Ça fait plus de quatre décennies que la Mauritanie sortait d’une guerre.
La Guerre du Sahara des années 70- 80, le premier conflit armé auquel la Mauritanie s’est engagée au lendemain de son accession à l’indépendance, le 28 novembre 1960.
Du moins, une guerre que nos Autorités d’alors nous ont fait faire et subir sans nous consulter. C’était la guerre des Autorités des entités contre les deux peuples : mauritanien et sahraoui unis par la terre, le sang, la religion etc.

Une guerre pour rien qui a décimé notre vaillante armée multiethnique et professionnelle, une armée-nation; et dont les derniers survivants ont été exécutés ou poussés à l’exil par une autre guerre, plus subtile fabriquée depuis les laboratoires étrangers des États Arabes du Golfe : pudiquement appelé, les événements de 90.

La guerre contre le Polisario, cette foutue guerre, elle cache encore beaucoup de zones d’ombre. On n’en sait peu de ce conflit.
Des morts dont on parle peu, des patriotes envoyés à la mort pour défendre une cause absurde.
Cette guerre, qui porte certainement la signature des origines lointaines des tristes événements de 89, 90 et 91 aura fragilisé, fragmenté l’armée nationale, promu des hommes par défaut en lieu et place des plus méritants tombés sur le champ de bataille. Elle aura dès lors donné des idées à certains rescapés : la cruauté, le racisme, l’hybris du pouvoir qui s’est traduit par la quête du pouvoir politique : le coup d’État de 1978.

Guerre contre le voisin du Nord, du Sud et maintenant ça menace à l’Est.

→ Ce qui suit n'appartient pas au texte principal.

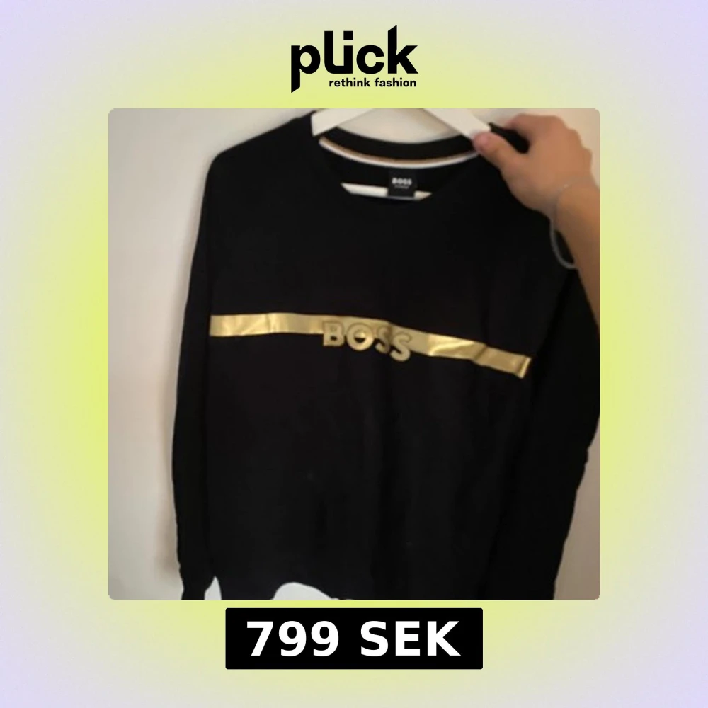 Svart långärmad tröja från BOSS med en snygg guldig rand och BOSS-logga över bröstet. Tröjan har rund halsringning och är tillverkad i mjuk bomull, perfekt för en chill och stilren look.

Alors que la Mauritanie se remet difficilement des conséquences de la guerre du Sahara, et celles avortées contre le Sénégal, transformée en une chasse contre les populations Noires de Mauritanie, à jamais traumatisée, voilà que les autorités tiennent depuis quelques temps des propos va-t- en- guerre contre le voisin malien, déjà empêtré dans la nébuleuse terroriste et au bord de la partition.

Cette guerre est à éviter pour l’histoire d’autant plus que le président Ould Ghazouani assure en ce moment, la présidence de l’Union Africaine.

Le temps des guerres avec nos voisins doit être révolu. Nous sommes à une époque où la diplomatie est une arme redoutable plus efficace que toutes armes de destruction massive.
Le Mali a besoin d’être soutenu dans cette épreuve difficile qu’il traverse pour recouvrer sa souveraineté.
Que dit l’islam du voisinage ?
Pensez aux liens historiques, linguistiques, culturels, familiaux, aux brassages et échanges multiformes entre la Mauritanie et le Mali.
Une fois encore ne nous faites pas embarquer dans l’inconnu. Si l’on connaît toujours quand est-ce qu’ un conflit commence, il est presque impossible de prévoir sa fin et son dénouement ?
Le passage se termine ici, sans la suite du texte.